Meanwhile, in North Macedonia, the dust is settling on the Prespes deal and Prime Minister Zoran Zaev is gunning for a September referendum date. This would leave the Greek government ample time to get it through the Hellenic Parliament before the end of the year, somewhere between the summer and Christmas holidays. Questions loom as to whether the government can get the deal through, as SYRIZA’s coalition partners, the Independent Greeks are set to raise hell even though they supported the government in a no-confidence vote called by New Democracy leader Kyriakos Mitsotakis weeks ago. Mitsotakis’ future is also in question should the name deal go through after. With such vehement opposition and pulling the trigger on the motion of no-confidence, Mitsotakis has doubled-down on the issue as the driving force to achieve early elections.

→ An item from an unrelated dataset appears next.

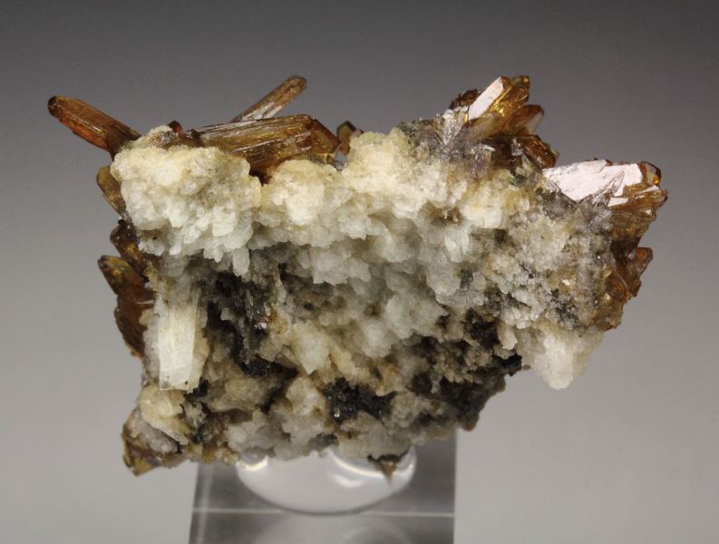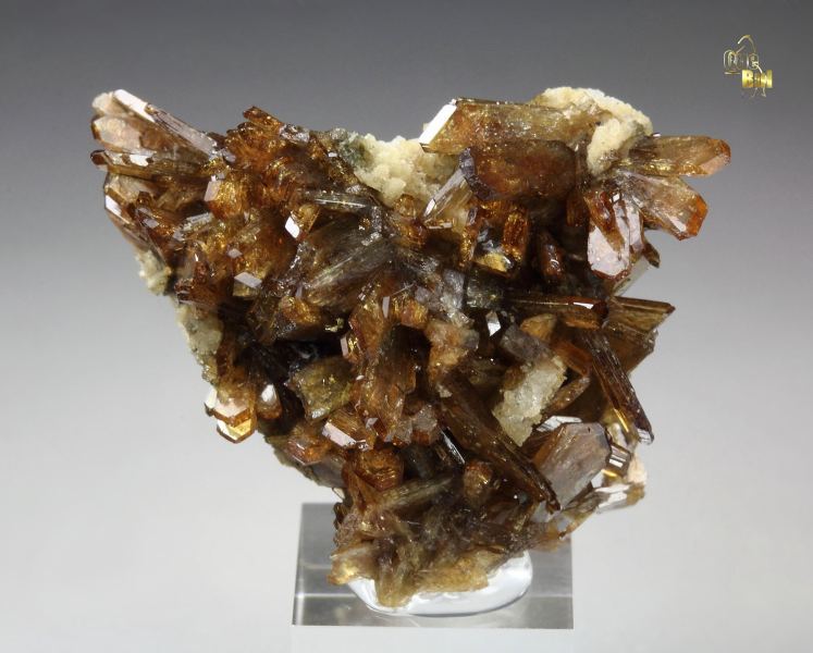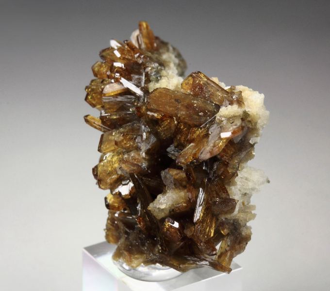 A marvelous and rare specimen of childrenite crystals Ilha claim, Taquaral, Minas Gerais, Brazil. It displays radial sprays of tabular blade crystals. They have rich tobacco color and sharp shape. The crystals are transparent, gemmy and lustrous. In very good condition - some small contacts. On acrylic base., Splendid!, Data last checked on 20th Nov 2025

At the same time, Alexis Tsipras is building even more bridges in the Eurocapital, a city and system which he would have liked to reduce to ashes before he became Prime Minister.
Tsipras’ transformation into a leader is remarkable – as he is slowly but certainly rebranding his political party as socialist and eurorealist, moving ever-closer to the mainstream of European politics. In a recent interview the Greek Prime Minister showed regret for the 2015 referendum which saw Greeks vote over 60% in his favour.